Trois nanas, deux Vestes Grises et une PMF en uniforme (comme quoi, la police magique fédérale a beau dire qu'elle lutte contre l'Ordre, il y en a qui ne jouent pas le jeu) ont pris Kímon pour cible, d'abord sur des détails (le mandater, lui, pour apporter un verre, renverser à dessein de la nourriture au sol, etc.), puis plus méchamment : à le bousculer, à l'insulter.

Les ordres sont assez clairs concernant les clients : quoi qu'ils fassent, les laisser faire. Ils ont tous les droits. Donc j'observais sans réagir, car je savais que ça nous causerait plus d'emmerdes qu'autre chose, si j'intervenais.
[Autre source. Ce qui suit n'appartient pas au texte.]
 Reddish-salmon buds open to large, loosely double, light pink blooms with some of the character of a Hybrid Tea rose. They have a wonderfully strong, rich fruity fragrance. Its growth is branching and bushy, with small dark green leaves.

J'ai rongé mon frein jusqu'à ce que l'un des trois le gifle assez fort pour l'envoyer au sol. Quand Kímon s'est relevé, la pommette fendue, il a jeté un regard vers moi et j'ai compris qu'il m'appelait à l'aide.

Autant dire que j'ai perdu mon calme.

D'un coup, tout le monde a oublié Kímon. On m'a plaqué face contre terre, les deux bras attachés dans le dos. Je crois qu'on aurait pu me tuer sur le coup si la Vieille Naine en personne n'était pas intervenue.
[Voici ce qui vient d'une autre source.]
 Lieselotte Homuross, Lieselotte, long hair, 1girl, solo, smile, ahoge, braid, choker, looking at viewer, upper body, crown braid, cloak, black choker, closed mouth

Ça se passait dans un coin de la pièce, un peu à la dérobée, pourtant le cri de la sorcière, quand je l'ai frappée, a ameuté toute l'assistance. La Vieille Naine a vu tout de suite que Kímon était mal en point. Elle a ordonné aux deux autres de me lâcher, puis elle les a engueulées, elles, quant à l'état dans lequel elles avaient mis son webster. Elles ont essayé de se défendre, mais la patronne a plus d'autorité que n'importe qui, peut-être même que Leuthar. Les Vestes Grises se la sont fermée et, quand l'une d'entre elles a tenté d'obtenir réparation — comprendre me punir pour avoir osé porter un coup à sa collègue — , la Naine a répliqué que j'avais fait que mon devoir en protégeant sa propriété.

J'en tremble encore de rage. Pourtant, aussi dégueulasse que soient ses arguments et sa logique, la Naine, ce soir-là, nous a sauvé la mise.

Ça ne l'a pas empêchée de me prendre à part pour me faire la morale — j'en menais pas large — et de me sucrer ma paie. Tant qu'à faire.